An' we knowed, without darin' to say the word, They was tripped fer the Great Unknown,
Fer the gorge had slapped the current round
An' cut 'em off from the higher ground,
An' the hand that could save 'em from bein' drowned Was the hand of God alone.
Then all at oncet we heerd a yell
An', down 'cross the willow bank, A-layin' a course that was skeercely snug, Came Jakey Dale with his whiskey jug, As drunk as the mate of a log-raft tug,
An' a-swearin' somethin' rank.
"You rust-chawed fragments o' junk," sez he, "Now what do you think you've found?

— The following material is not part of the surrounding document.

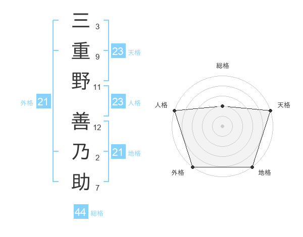 三重野 善乃助さんを姓名の画数から五運を鑑定

A-standin' 'round on this old bilge tank
Like a bunch o' frogs on a floatin' plank;
Be ye lookin' fer gold in yon cut-bank?" An' then he heerd that sound.
As quick as the jump of a piston-rod
He was over the wheel-box guard, An' before we could figger on stoppin' him He had slashed the falls from the long-boat's rim An' was out past the slush o' the channel's brim,
A-pullin' quick an' hard.
He sidled his tub through that rippin' flume
While we stood on the "George" an' swore. The boy was loony with raw-corn gin, But he reckoned his course to the width of a pin, Ran straight to the eddy an' clawed her in, An' staggered himself ashore.